I have had him 4 months , this fish not stop action normally, except when he is watching tv.






maybe a mod will move this video to the correct section.


----------



## Trigga

sweet p


----------



## Dolphinswin

pics and vid section might be better....


----------



## ICEE

Dolphinswin said:


> pics and vid section might be better....


x2 but still nice P's


----------



## notoriouslyKEN

Damn, I love Brandtiis.
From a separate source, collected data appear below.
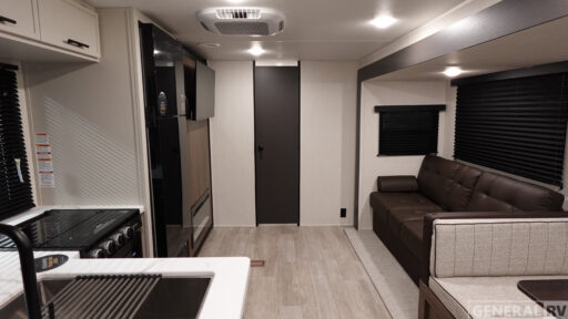 You'll appreciate the added space in this travel trailer thanks to the large slide out! The booth dinette and sofa are found here, and there is a moveable storage ottoman for extra blankets or board games. You'll have your own space up front in the private bedroom, complete with a camp king bed and storage for your things. The chef of your group will find a three burner cooktop and a built-in convection microwave with an air fryer to cook meals, plus there is a 12V refrigerator and hidden pantry for food storage. This unit also includes a power awning outdoors and an outside refrigerator to keep cold drinks close by.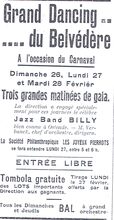 Advertentie : Grand Dancing du Belvédère. Trois grandes matinées de gala. 26, 27 et 28 Février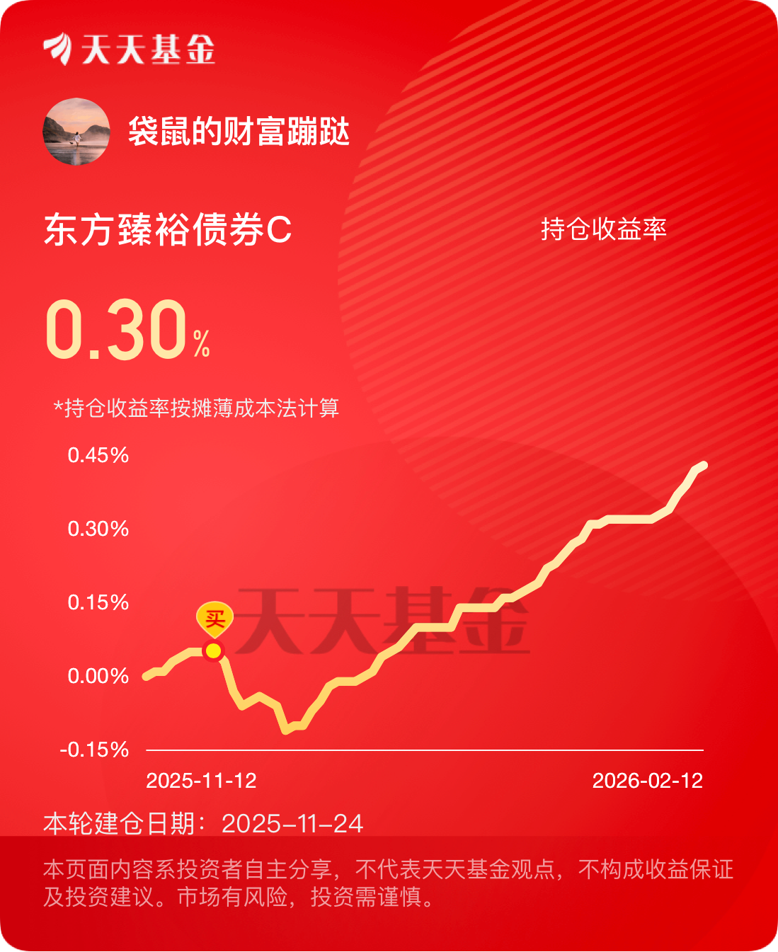 债基今天平稳运行,节前资金面宽松,市场波动小,收益稳中有进。安心持有,稳稳过个好年。#下个风口赛道是谁?# #晒收益#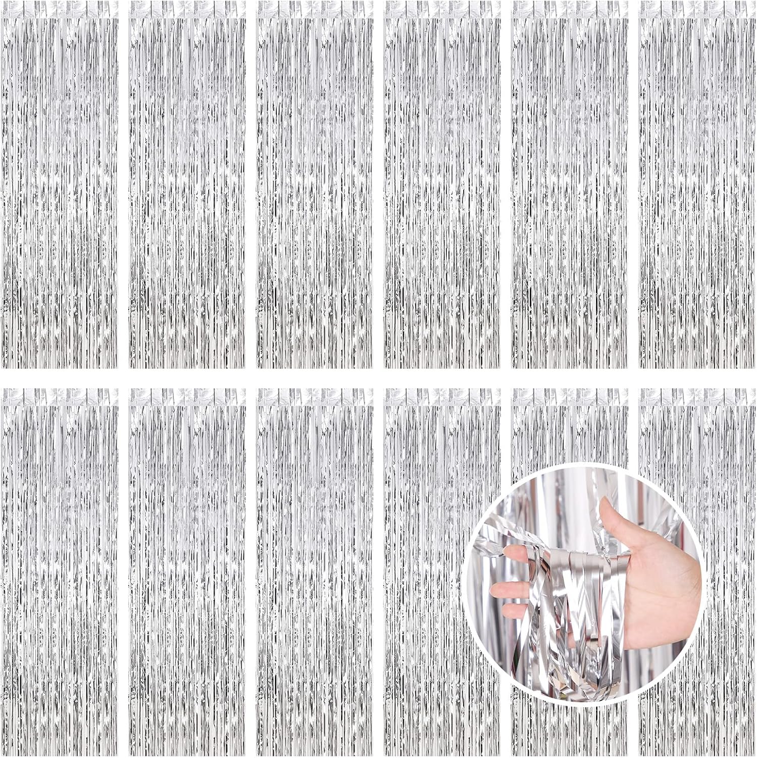 - 【Generous Quantity】Our party decoration supplies include 12 pieces of silver party streamers, the size of each silver foil curtain is 3.3ft x 8.2ft(1m x 2.5m). The extended length and rich quantity can help you create a sparkling party atmosphere and meet your various party decoration needs.

One of the favorite species that I have owned.


----------



## Piranha-Freak101

im sorry i couldnt focus when i heard that song







but nice lookin brandtis


----------



## THE BLACK PIRANHA

Very Nice


----------



## Da' Manster!

Excellent looking Brandtii!!...Very rare in the hobby!...He rocks like a NINE INCH NAILS concert!!!...


----------



## FishermanCanada

Thanks for all the support and compliments.


----------



## JoeDizzleMPLS

I'm jealous... Nice fish


----------



## FishermanCanada

JoeDizzleMPLS said:


> I'm jealous... Nice fish


thanks

This guy is my show piece.


----------



## His Majesty

gorgeous brandtii









im liking the maoi statues too haha


----------



## FEEFA

Looking good Buzz, Solid is right!


----------



## FishermanCanada

thanks guys its also a lot easier to clean which is a super plus.


----------



## Ja'eh

I've seen this brandtii in person and I have to say that the video doesn't do much justice for this beauty. My favorite brandtii...well after mine that is.


----------



## FishermanCanada

Ja said:


> I've seen this brandtii in person and I have to say that the video doesn't do much justice for this beauty. My favorite brandtii...well after mine that is.
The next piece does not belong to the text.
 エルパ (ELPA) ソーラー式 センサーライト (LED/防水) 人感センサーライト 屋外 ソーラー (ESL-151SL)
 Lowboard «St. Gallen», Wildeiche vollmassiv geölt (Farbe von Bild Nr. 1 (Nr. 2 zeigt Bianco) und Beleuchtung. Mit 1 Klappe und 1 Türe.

Thanks bud, he is my pride and joy. I bought another tank for him cause i couldn't bare to lose him. Hows your bdr?


----------



## Smoke

Now that's a rare gem! Very nice.


----------



## Ja'eh

FishermanCanada said:


> I've seen this brandtii in person and I have to say that the video doesn't do much justice for this beauty. My favorite brandtii...well after mine that is.


Thanks bud, he is my pride and joy. I bought another tank for him cause i couldn't bare to lose him. Hows your bdr?
[/quote]
The rhom is doing great...nicest looking diamond I have ever seen and but I'm still not sure whether or not if it's a blue or purple, some days the diamonds are blue and on others it's more of a purple color.


----------



## FishermanCanada

Ja said:


> I've seen this brandtii in person and I have to say that the video doesn't do much justice for this beauty. My favorite brandtii...well after mine that is.


Thanks bud, he is my pride and joy. I bought another tank for him cause i couldn't bare to lose him. Hows your bdr?
[/quote]
The rhom is doing great...nicest looking diamond I have ever seen and but I'm still not sure whether or not if it's a blue or purple, some days the diamonds are blue and on others it's more of a purple color.
[/quote]
thats great to hear, he went to a good owner. That rhom is definitely one of the best i have seen. I wonder where his collection point is.


----------



## Ja'eh

Most likely Peru but when a rhom looks this good who cares.


----------



## salvo85

very nice fish


----------



## primetime3wise

that's one nice looking p


----------



## zeefs

the colouring on that is amazing man


----------



## AmazonAddict

Your setup is awesome. It looks super easy to clean. The piranha looks nice too.


----------



## FishermanCanada

thanks for compliments everyone. He is a lot of fun to watch.


----------



## Quido

Sweet brandtii! Same size as mine!


----------